Adanato/llama3_8b_instruct_ppl_baseline-llama3_8b_instruct_ppl_bin_5
Adanato/llama3_8b_instruct_ppl_baseline-llama3_8b_instruct_ppl_bin_5 is an 8 billion parameter instruction-tuned language model, fine-tuned from Meta-Llama-3-8B-Instruct. This model is specifically adapted using the llama3_8b_instruct_ppl_bin_5 dataset, offering a base for further specialized applications. It maintains the 8192 token context length of its base model, making it suitable for tasks requiring moderate context understanding.
Loading preview...
Overview
This model, named Meta-Llama-3-8B-Instruct_e1_llama3_8b_instruct_ppl_bin_5, is a fine-tuned variant of the Meta-Llama-3-8B-Instruct base model.
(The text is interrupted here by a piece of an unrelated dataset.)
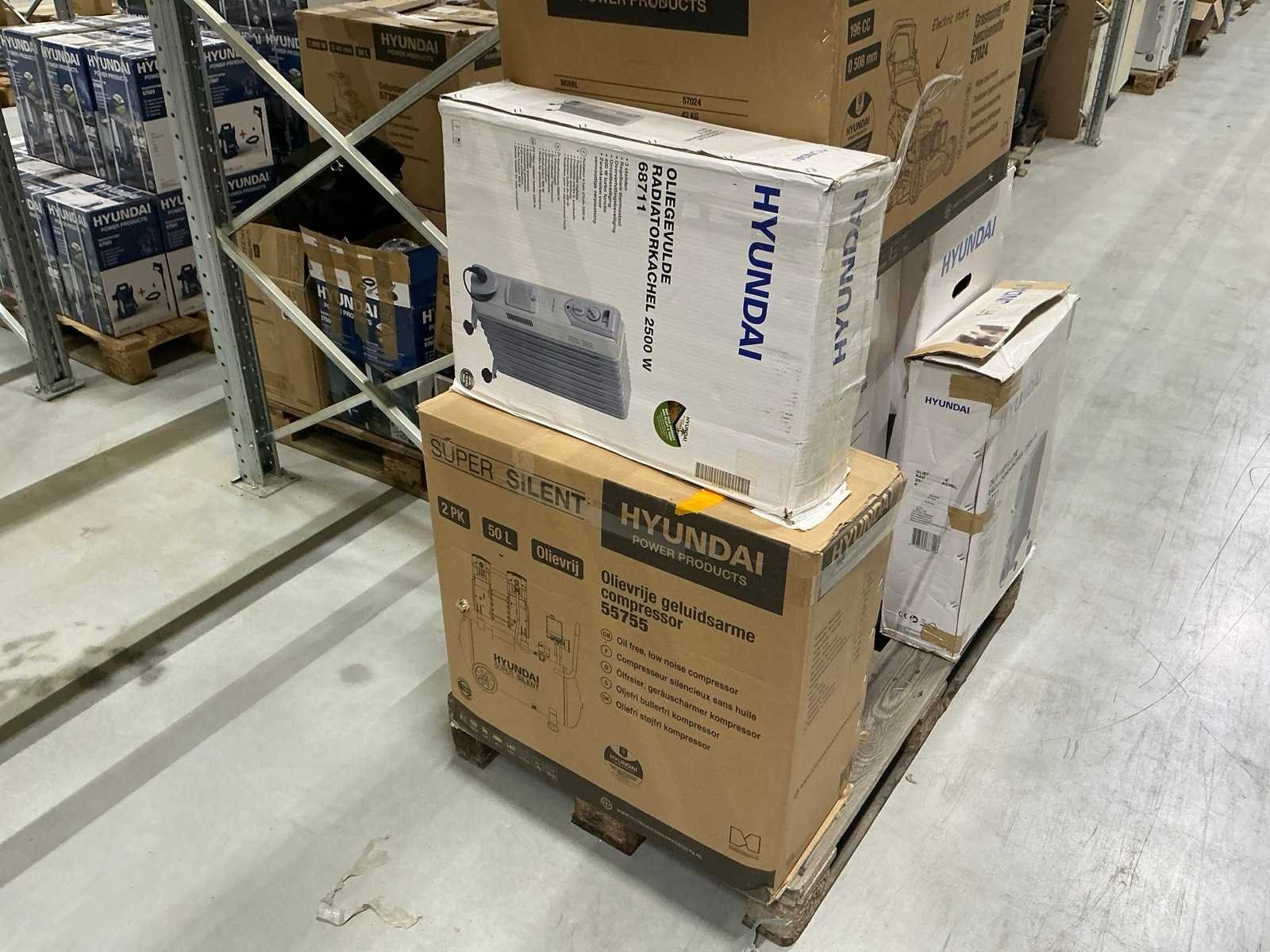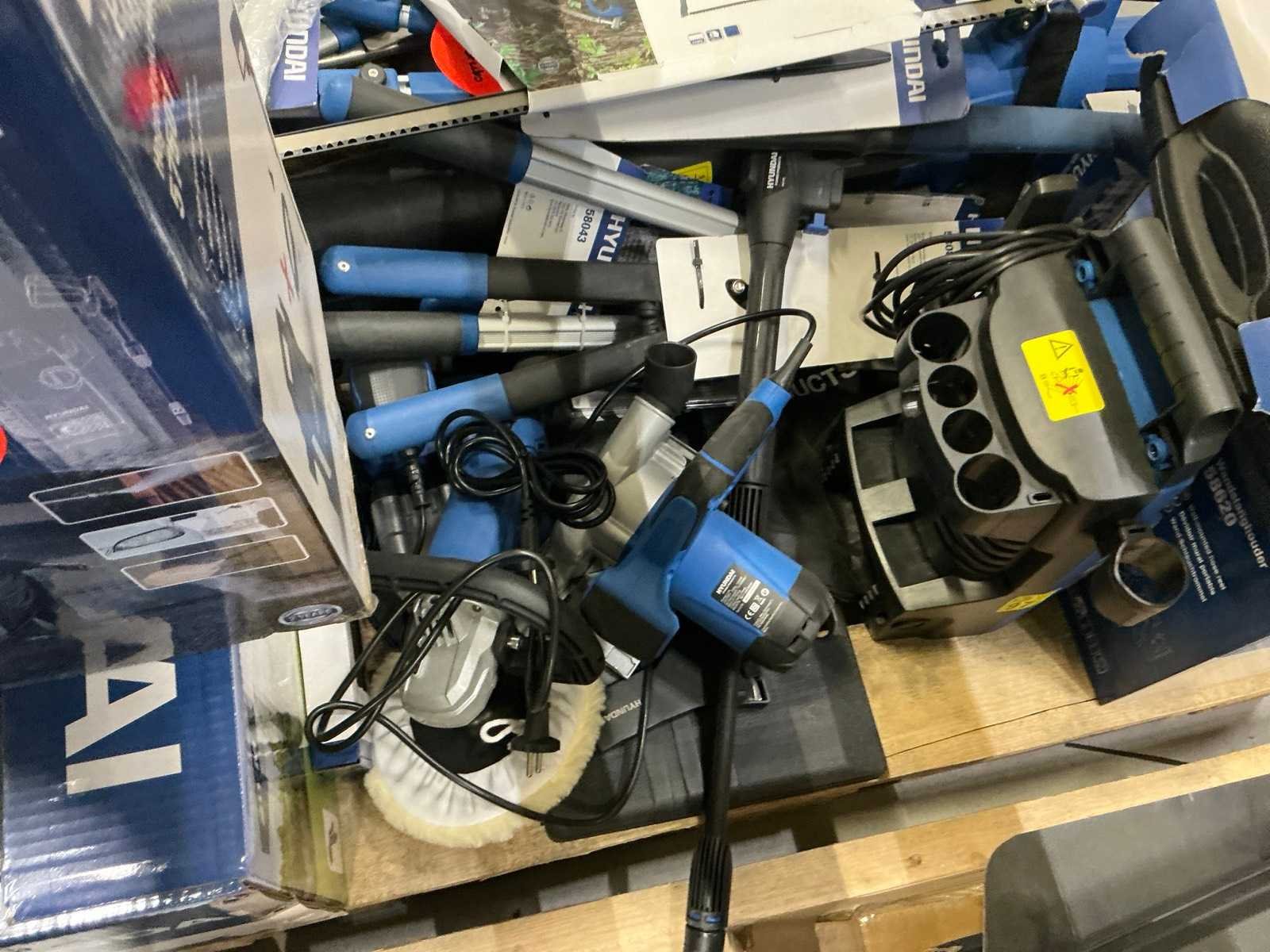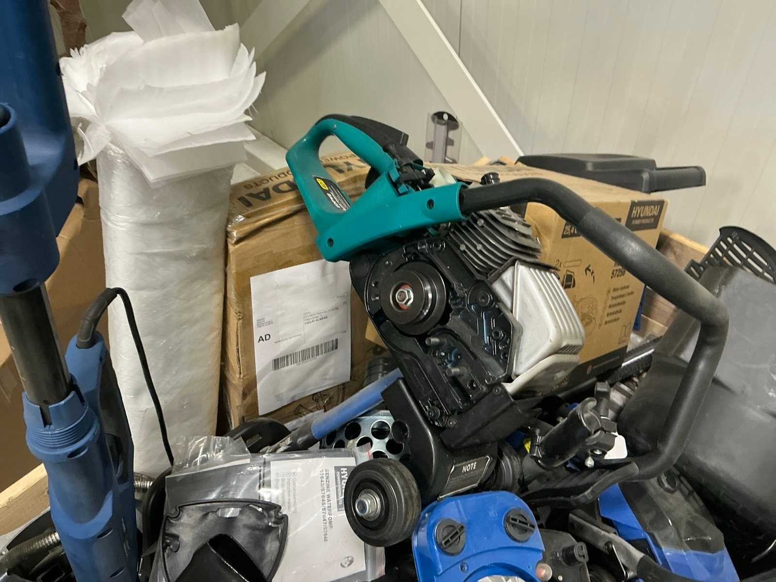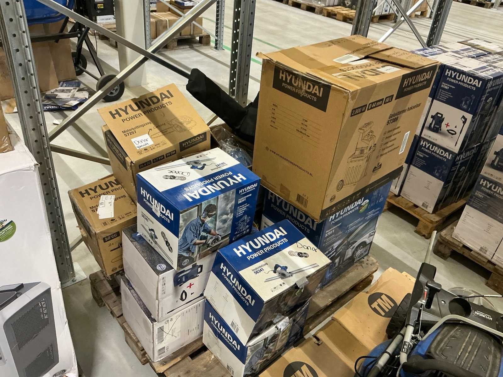 Alles op 30 pallets, diverse gereedschappen, tuin en parkmachines, airco/koeling, huishoudelijk, etc. Dit zijn ongecontroleerde retourgoederen, werking en compleetheid onbekend. Merk: Hyundai

It has 8 billion parameters and a context length of 8192 tokens. The fine-tuning process utilized the llama3_8b_instruct_ppl_bin_5 dataset, suggesting a specialization for tasks related to perplexity baseline optimization or specific data distributions.
Training Details
The model was trained with the following key hyperparameters:
- Learning Rate: 1e-05
- Batch Sizes:
train_batch_sizeof 4,eval_batch_sizeof 8 - Gradient Accumulation: 8 steps, leading to a
total_train_batch_sizeof 128 - Optimizer: ADAMW_TORCH_FUSED with betas=(0.9, 0.999) and epsilon=1e-08
- Scheduler: Cosine learning rate scheduler with a warmup ratio of 0.1
- Epochs: 1.0 epoch
- Environment: Multi-GPU setup with 4 devices
Intended Use
While specific intended uses and limitations are not detailed in the provided information, its origin as an instruction-tuned Llama 3 model suggests suitability for general instruction-following tasks. The fine-tuning on a specific dataset implies potential performance enhancements for tasks aligned with that dataset's characteristics.